At the top of the incline she saw a halo of light as if the sun was rising. She knew it couldn’t be true, that it was like a mirage of water in the desert; that she was hallucinating the sunrise out of exhaustion and primal need for light. She reached the top of the hill and beneath her was a collection of buildings, with orange sodium lights and floodlights and flickering neon. Coldfoot.
She drove into Coldfoot, Ruby still asleep. It was a tiny place; basic low-rise buildings lined the road. She slowed to a crawl as she passed them. Through windows honey light filtered out onto the snow. The pull towards company and safety was physical, each lit building exerting its own drag.
There was a gas station, flooded with bright lights, showing pumps purpose-built for trucks and beside it was a rudimentary large truck park. There was a ranch-style café and a motel, built out of the same modular unit as the house on her rig. She’d lived in one of the most metropolitan cities in the world but she’d never before felt civilisation so acutely.
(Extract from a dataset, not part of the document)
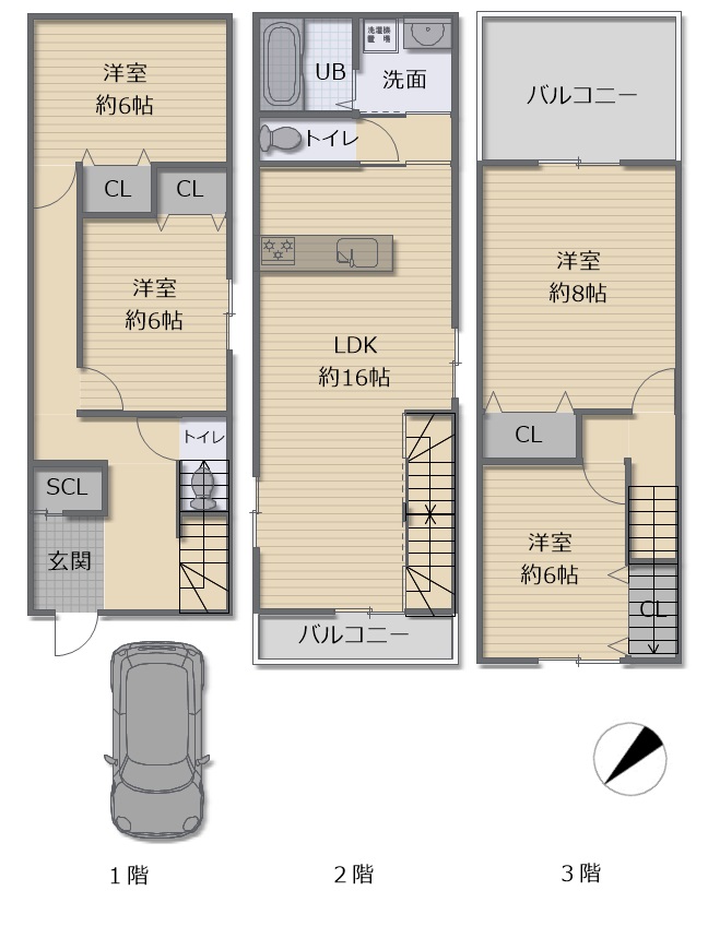 〇前面道路は約8メートルで、駐車も楽々

Perhaps she could leave Ruby here. Perhaps she would be safe. But the blue lights driver would arrive, looking for her. She imagined him hunting for her in the café, the motel, and instead finding Ruby.
Coby would look after Ruby, she was sure. And there’d be other decent men here to protect her. But she’d need to ask Coby, check that the other men were trustworthy, and as soon as they clapped eyes on her they’d stop her from leaving again. She was sure of that. And she couldn’t ask Ruby to find Coby herself while she drove off again because how would Ruby find him? Who the hell would understand sign language out here in the middle of nowhere? She’d be utterly vulnerable.